You deserve to know what is affecting you as a student when it comes to decisions the city is making. When it comes to informed decisions, we have generally kept you covered about topics like the LRT, the HSR, the additional bylaw officers in Westdale and trans health equity.

In the future, we will continue to cover these topics and more such as the city council’s decision to change the ward boundaries and the appeals filed with the Ontario Municipal Board, which includes the potential for student neighbourhoods to move into other wards and split the student vote.

The purpose is to help you make an informed decision. That comes with the assumption that you will make a decision in the first place.

In the 2014 Hamilton municipal election, ward 1, encompassing the west end of Hamilton where a significant portion of McMaster students lived, had 21,770 registered voters. Only 8,870 votes were cast. The current councillor, Aidan Johnson, won by 640 votes.

The mayoral election had a total of 122,756 votes with Fred Eisenberger winning by 10,314.

Students at McMaster have the capability to rock the vote and radically alter the results for the wards they are in and the city as a whole off of numbers alone. A motivated student base would be able to demand any changes the city could provide and continuously put pressure on city council to fix any number of things about Hamilton that negatively affects McMaster.

As time goes on, I become more and more pessimistic that this will not happen. The assumption that McMaster students will not vote, likely an accurate one, has resulted in decisions that do not cater to McMaster students. I fully expect that we will be spending the next four years reporting on issues that could easily be solved if students bothered to care about the city they will be in for part or all of their post-secondary education.

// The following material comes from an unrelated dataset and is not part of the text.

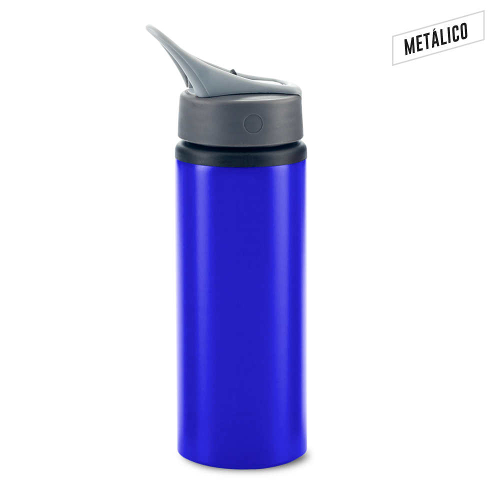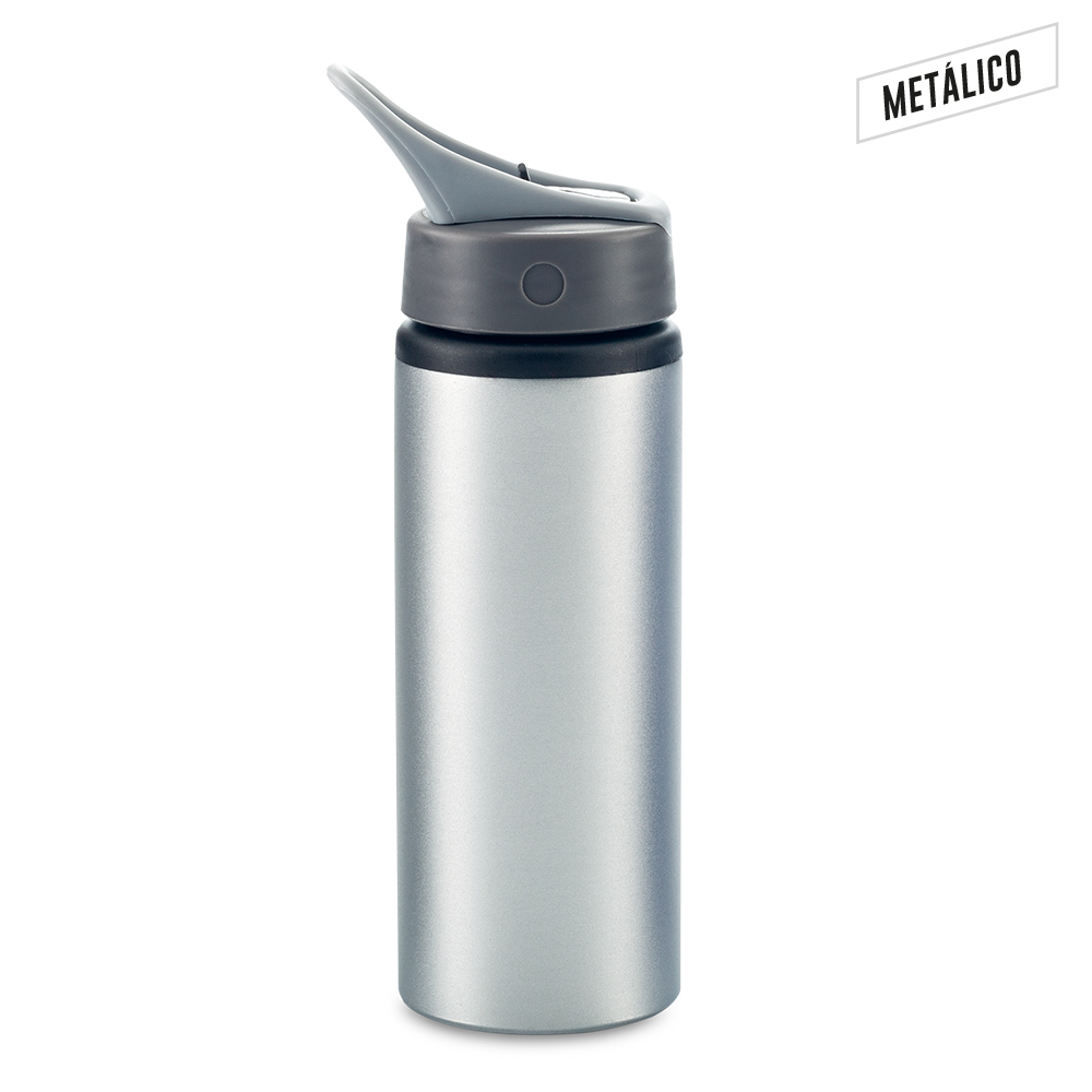 Botilito metálico con tapa pitillo. Medidas: 24 cm x 7.2 cm diámetro Marca: 5 cm / Tampografía, producto con tratamiento / Láser (Líquido Oxidante en silver)

The closer we get to next year’s elections, the more promises and policies you will see out of the city and other hopefuls to cater to demographics that they want voting for them. If you have been paying attention, you should have noticed this starting to increase long ago.

While the student union has become increasingly engaged in Hamilton advocacy over the course of the last year, it will take far more than that to get councillors to make promises to you and follow through with them.

There is plenty of time before the next election, but not a lot of time before candidates finalize their campaign strategies and policies. Act now, vote later or risk waiting and complaining about it when no one in city hall is listening anymore.